Stored data below:

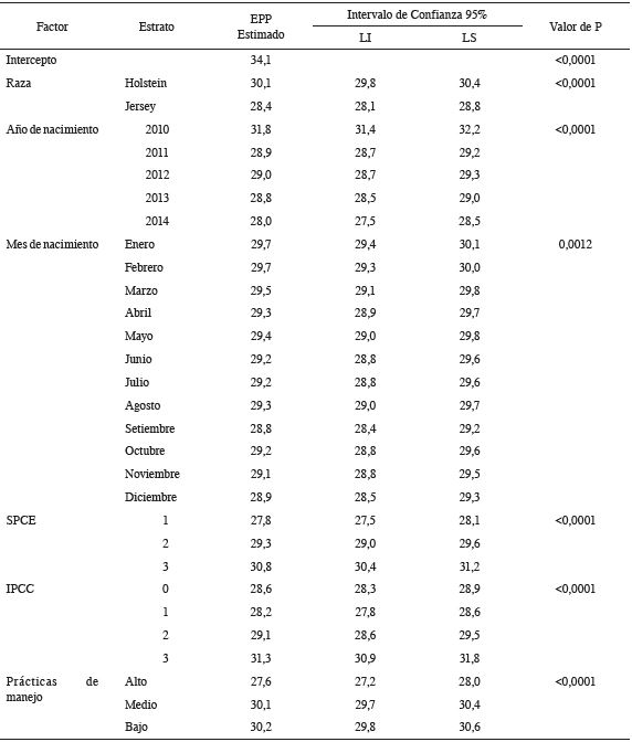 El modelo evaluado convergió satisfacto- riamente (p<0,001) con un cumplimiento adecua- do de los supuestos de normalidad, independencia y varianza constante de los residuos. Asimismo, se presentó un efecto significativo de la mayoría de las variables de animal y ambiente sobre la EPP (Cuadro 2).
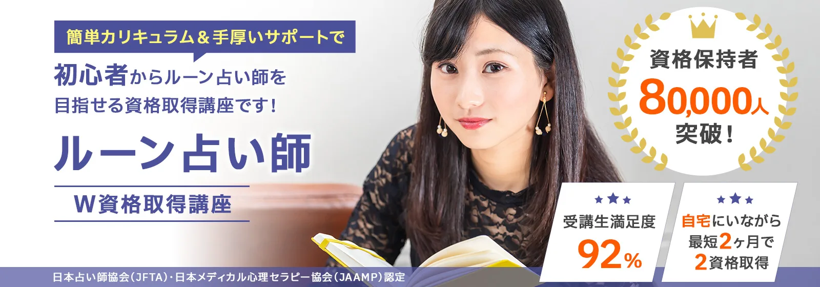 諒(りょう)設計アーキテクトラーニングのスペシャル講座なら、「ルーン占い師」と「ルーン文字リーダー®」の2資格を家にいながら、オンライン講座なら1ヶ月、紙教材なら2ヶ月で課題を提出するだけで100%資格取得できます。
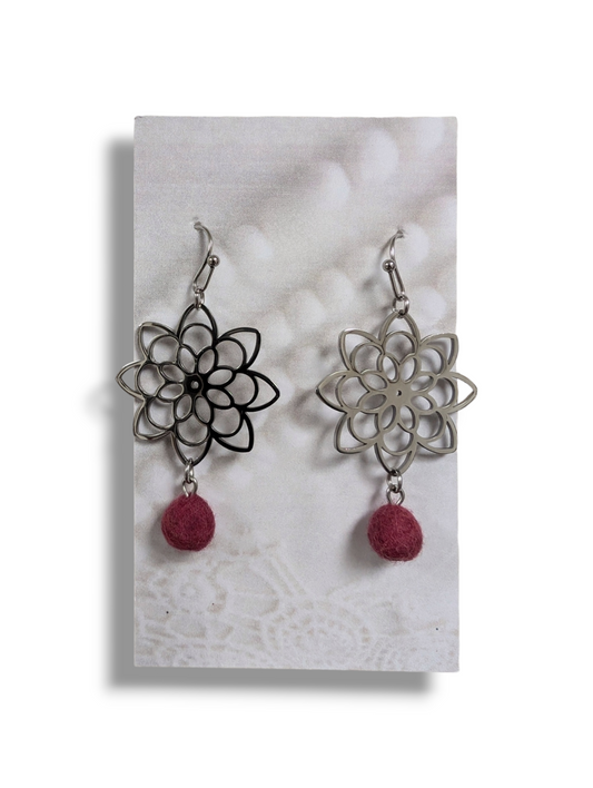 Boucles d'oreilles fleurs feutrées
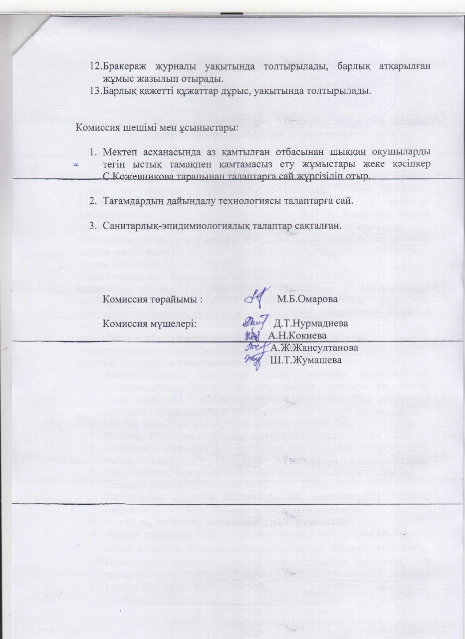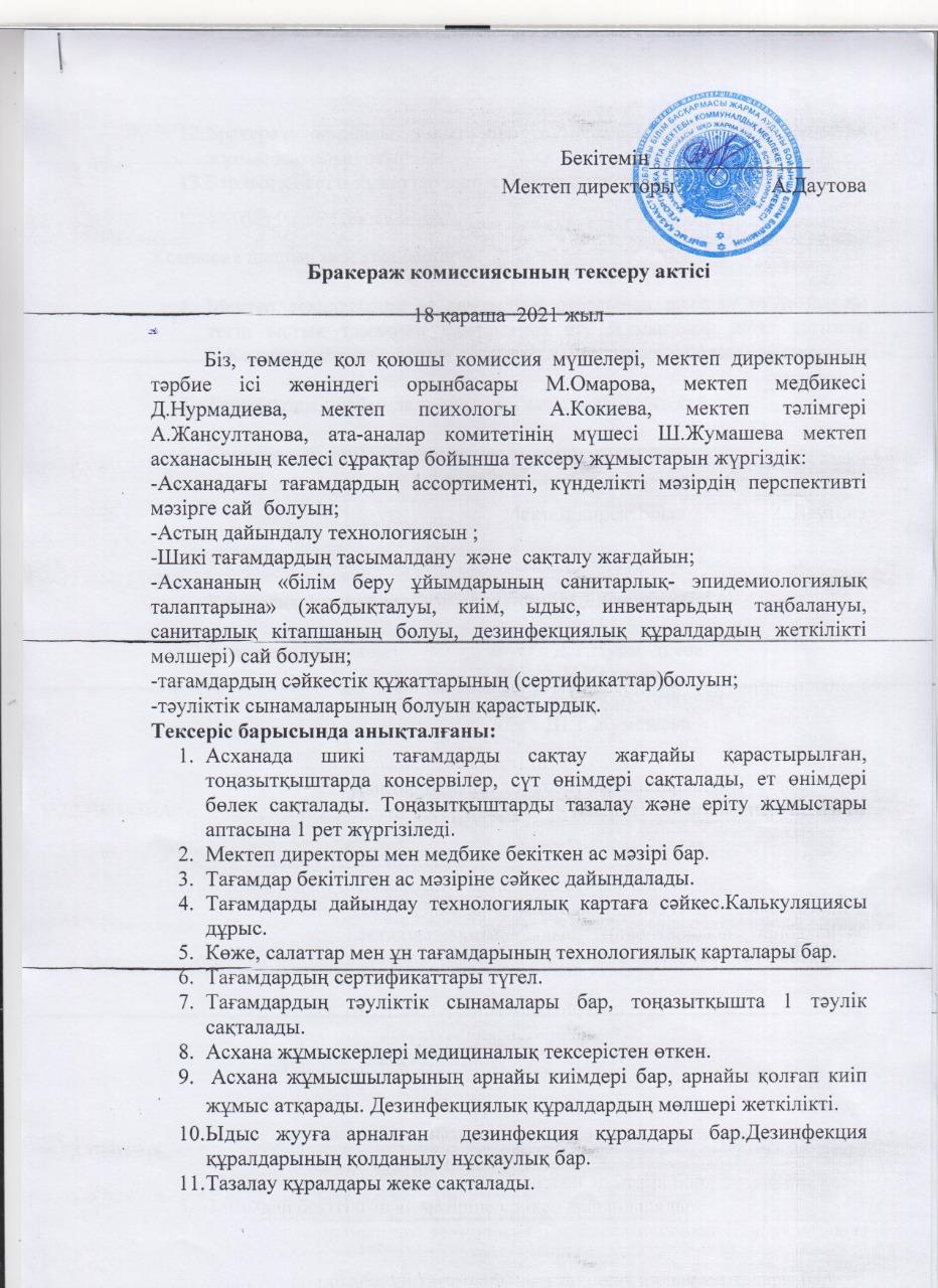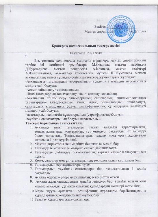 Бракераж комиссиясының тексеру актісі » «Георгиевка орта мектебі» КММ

End of Stored data.

● What you need to do: Where the line containing "諒(りょう)設計アーキテクト" appears above, start there and set down each line exactly through the last line of the data; leave out every picture.

● Result for this exercise:
 諒(りょう)設計アーキテクトラーニングのスペシャル講座なら、「ルーン占い師」と「ルーン文字リーダー®」の2資格を家にいながら、オンライン講座なら1ヶ月、紙教材なら2ヶ月で課題を提出するだけで100%資格取得できます。
 Boucles d'oreilles fleurs feutrées
 Бракераж комиссиясының тексеру актісі » «Георгиевка орта мектебі» КММ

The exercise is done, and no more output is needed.